DATA RECORDS:
..............................

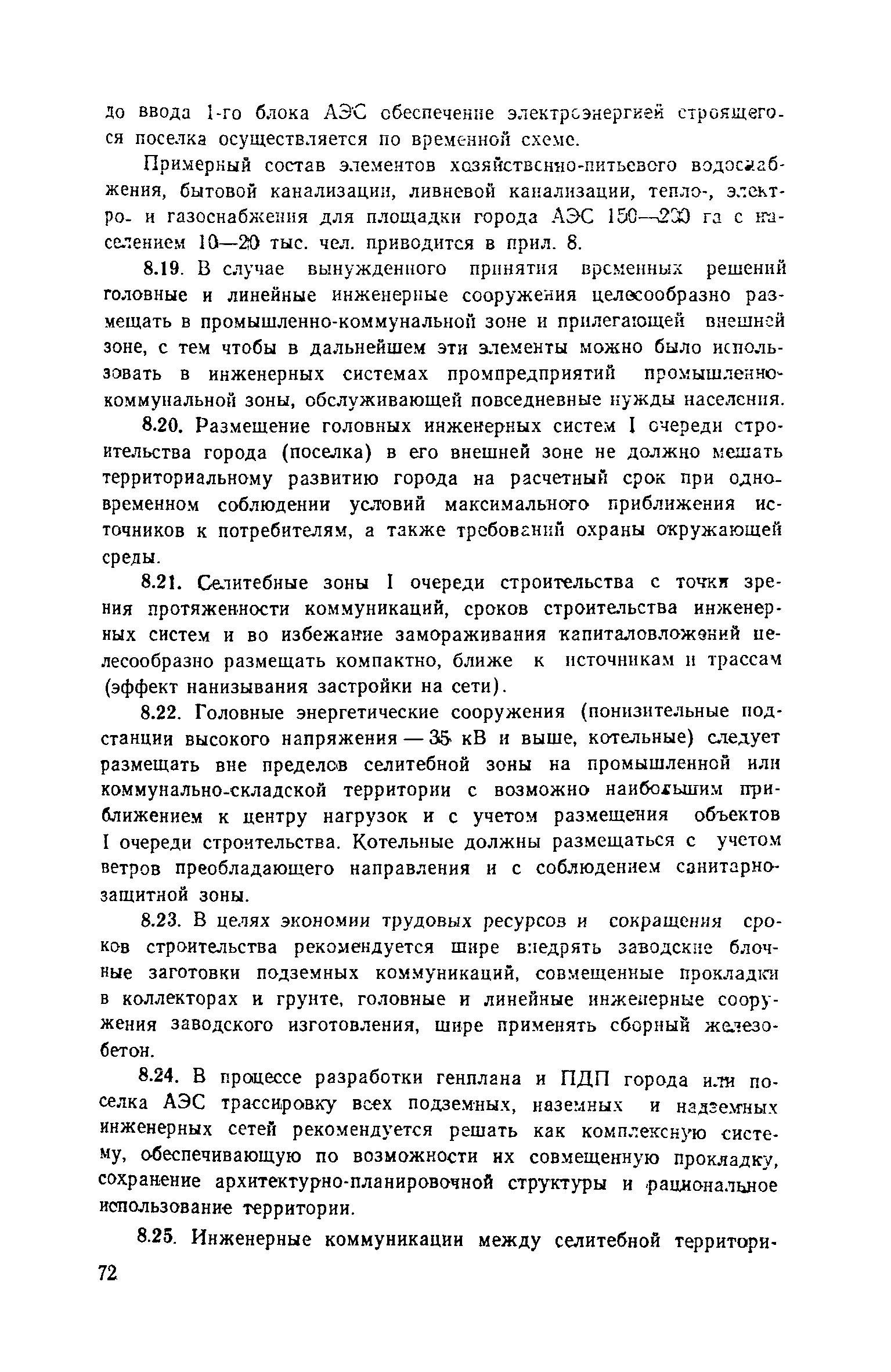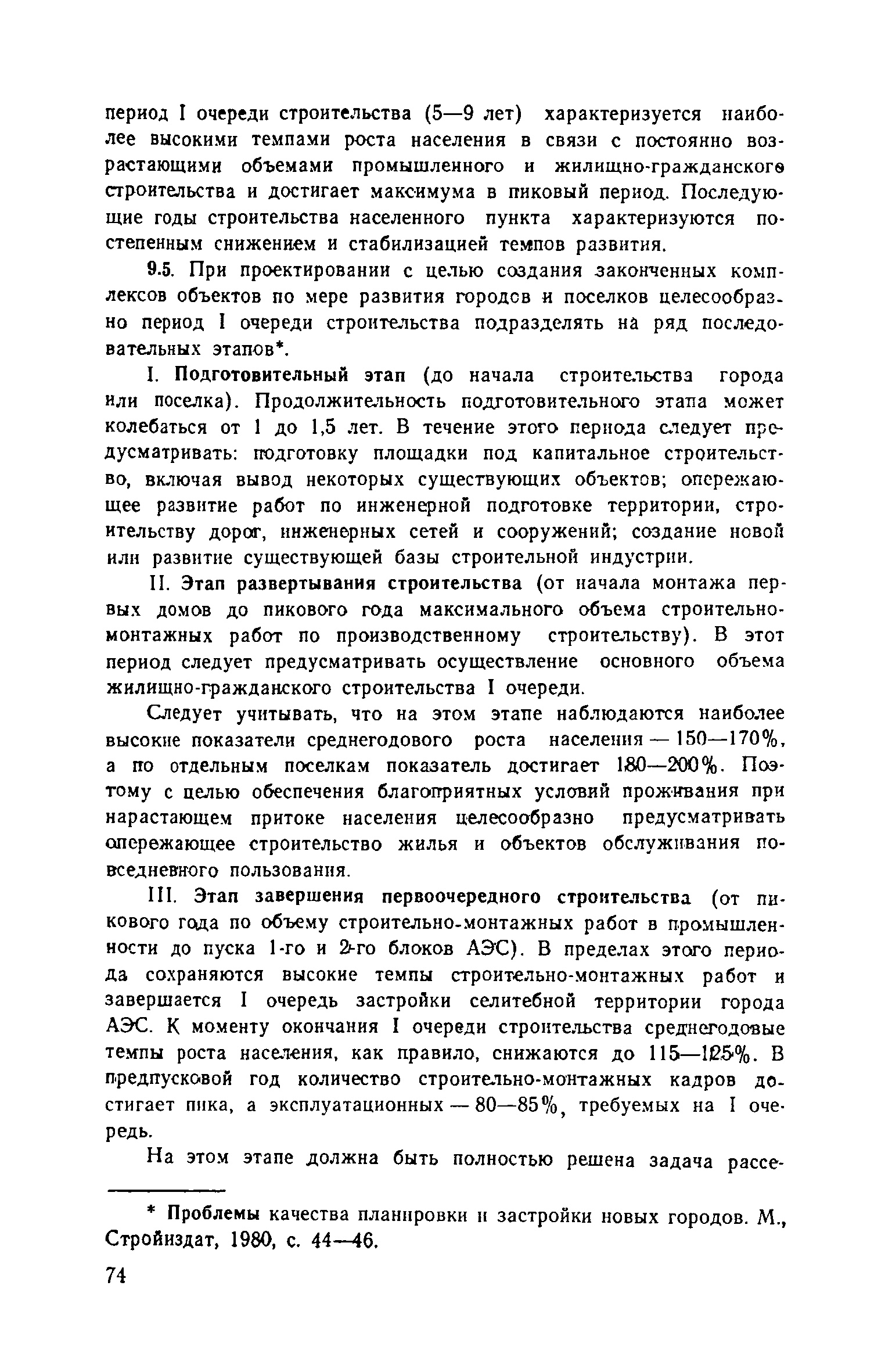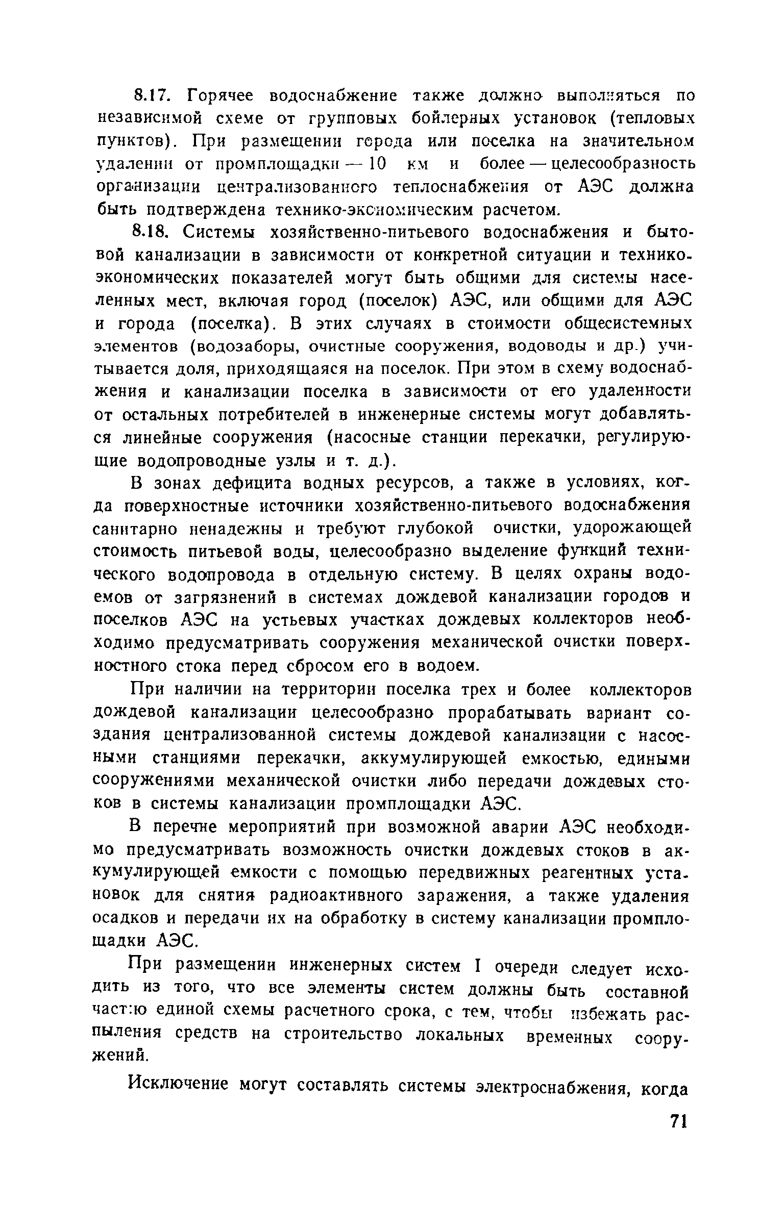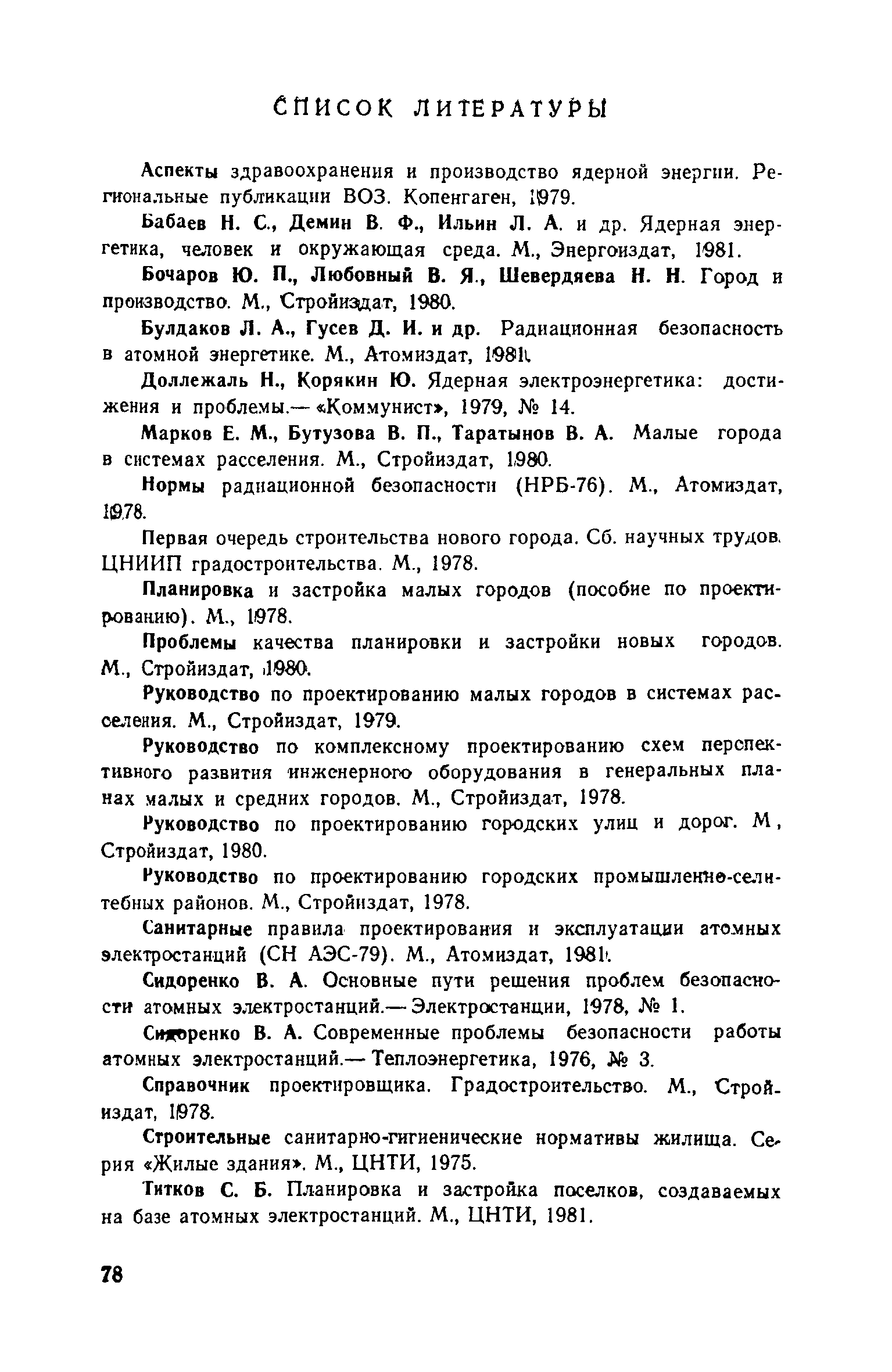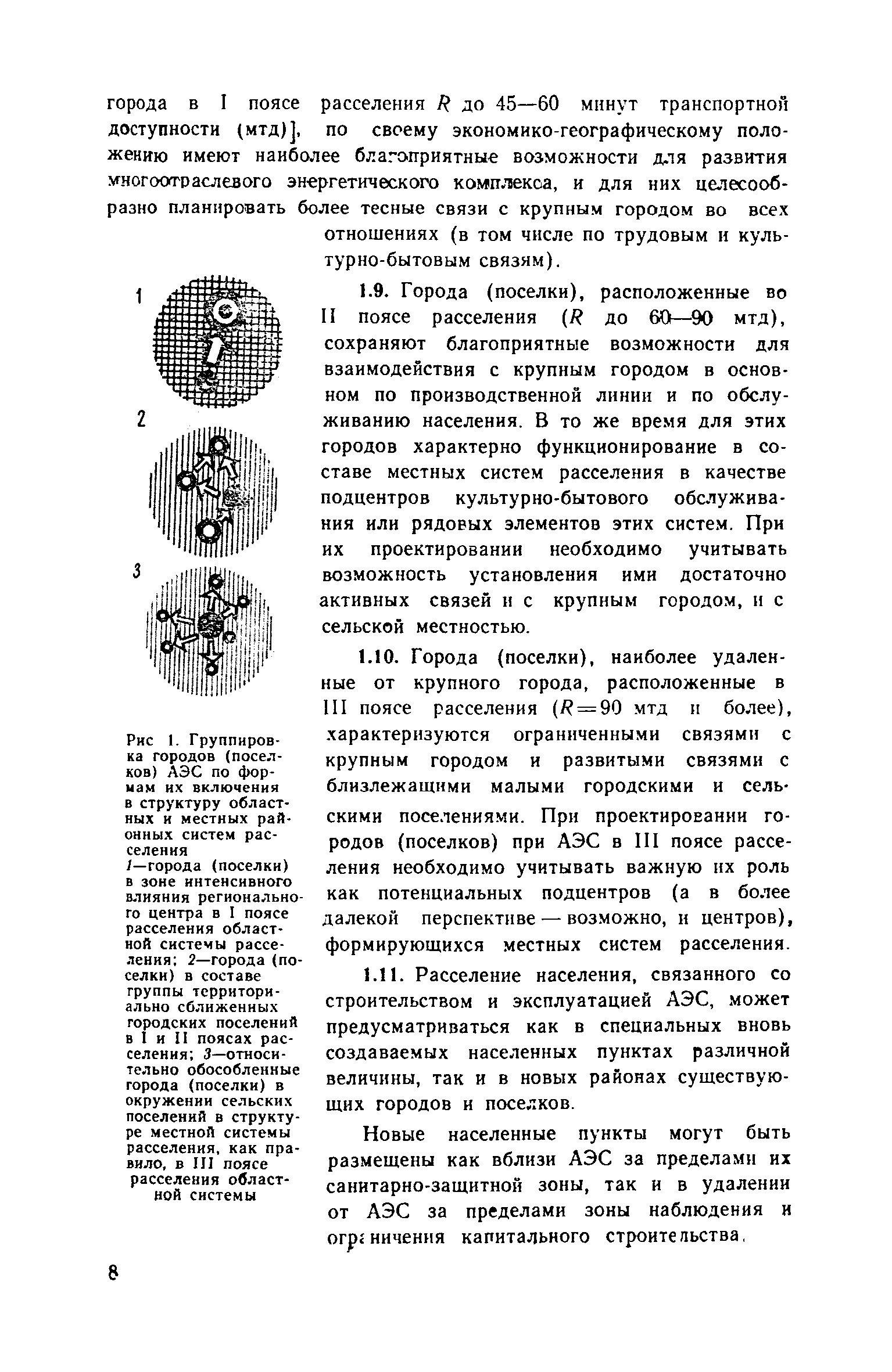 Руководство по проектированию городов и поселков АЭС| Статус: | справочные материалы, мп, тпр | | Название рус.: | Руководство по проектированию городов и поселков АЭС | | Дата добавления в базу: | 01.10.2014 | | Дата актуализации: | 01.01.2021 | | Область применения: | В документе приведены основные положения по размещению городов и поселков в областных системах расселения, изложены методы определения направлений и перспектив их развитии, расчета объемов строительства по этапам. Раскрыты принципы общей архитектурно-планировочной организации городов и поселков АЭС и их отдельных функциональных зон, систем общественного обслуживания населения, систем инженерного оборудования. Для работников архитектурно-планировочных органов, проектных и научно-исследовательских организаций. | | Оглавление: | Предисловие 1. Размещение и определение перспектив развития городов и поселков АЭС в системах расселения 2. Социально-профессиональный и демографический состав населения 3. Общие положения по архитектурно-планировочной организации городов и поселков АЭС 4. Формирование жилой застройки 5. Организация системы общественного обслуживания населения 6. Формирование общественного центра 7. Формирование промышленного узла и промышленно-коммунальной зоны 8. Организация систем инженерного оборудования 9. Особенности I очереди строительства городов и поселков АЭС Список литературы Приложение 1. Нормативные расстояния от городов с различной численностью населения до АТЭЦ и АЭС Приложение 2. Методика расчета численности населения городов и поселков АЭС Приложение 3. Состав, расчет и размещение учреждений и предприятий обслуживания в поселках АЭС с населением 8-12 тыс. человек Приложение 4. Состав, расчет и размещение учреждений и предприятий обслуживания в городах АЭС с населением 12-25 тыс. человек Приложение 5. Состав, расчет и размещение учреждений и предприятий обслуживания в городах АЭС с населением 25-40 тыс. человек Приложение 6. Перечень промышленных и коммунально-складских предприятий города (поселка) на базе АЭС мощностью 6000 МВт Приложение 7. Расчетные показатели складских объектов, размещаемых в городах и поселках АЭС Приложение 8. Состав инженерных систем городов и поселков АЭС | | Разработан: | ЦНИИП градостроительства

..............................

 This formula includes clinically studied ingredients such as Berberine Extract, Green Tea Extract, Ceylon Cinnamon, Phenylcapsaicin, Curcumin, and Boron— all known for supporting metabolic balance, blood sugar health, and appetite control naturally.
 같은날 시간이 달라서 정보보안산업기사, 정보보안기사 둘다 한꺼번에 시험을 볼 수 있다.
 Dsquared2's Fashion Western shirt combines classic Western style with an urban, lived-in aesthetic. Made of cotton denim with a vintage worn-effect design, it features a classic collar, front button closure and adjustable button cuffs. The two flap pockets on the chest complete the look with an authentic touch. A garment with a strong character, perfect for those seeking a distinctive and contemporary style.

..............................

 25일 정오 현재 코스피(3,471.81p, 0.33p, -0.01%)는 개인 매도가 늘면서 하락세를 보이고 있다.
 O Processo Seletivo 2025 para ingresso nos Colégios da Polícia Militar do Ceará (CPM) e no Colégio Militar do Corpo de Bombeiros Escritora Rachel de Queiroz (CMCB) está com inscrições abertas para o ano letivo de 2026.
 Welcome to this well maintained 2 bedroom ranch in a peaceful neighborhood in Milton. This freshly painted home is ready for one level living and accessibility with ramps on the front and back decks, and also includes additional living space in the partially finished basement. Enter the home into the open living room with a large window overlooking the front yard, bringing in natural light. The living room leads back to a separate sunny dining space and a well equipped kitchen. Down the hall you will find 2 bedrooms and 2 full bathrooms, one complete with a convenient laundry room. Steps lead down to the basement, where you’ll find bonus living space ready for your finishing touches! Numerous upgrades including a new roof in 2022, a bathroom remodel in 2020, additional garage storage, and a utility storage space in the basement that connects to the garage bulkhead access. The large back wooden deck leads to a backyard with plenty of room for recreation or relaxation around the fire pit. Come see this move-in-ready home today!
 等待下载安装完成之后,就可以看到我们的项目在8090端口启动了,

..............................

TASK BRIEF:
Copy the stretch of the records above that runs from the line with "This formula includes" through the line with "Dsquared2's Fashion Western". Both end lines belong in the copy, and nothing else does.

WORKED SOLUTION:
 This formula includes clinically studied ingredients such as Berberine Extract, Green Tea Extract, Ceylon Cinnamon, Phenylcapsaicin, Curcumin, and Boron— all known for supporting metabolic balance, blood sugar health, and appetite control naturally.
 같은날 시간이 달라서 정보보안산업기사, 정보보안기사 둘다 한꺼번에 시험을 볼 수 있다.
 Dsquared2's Fashion Western shirt combines classic Western style with an urban, lived-in aesthetic. Made of cotton denim with a vintage worn-effect design, it features a classic collar, front button closure and adjustable button cuffs. The two flap pockets on the chest complete the look with an authentic touch. A garment with a strong character, perfect for those seeking a distinctive and contemporary style.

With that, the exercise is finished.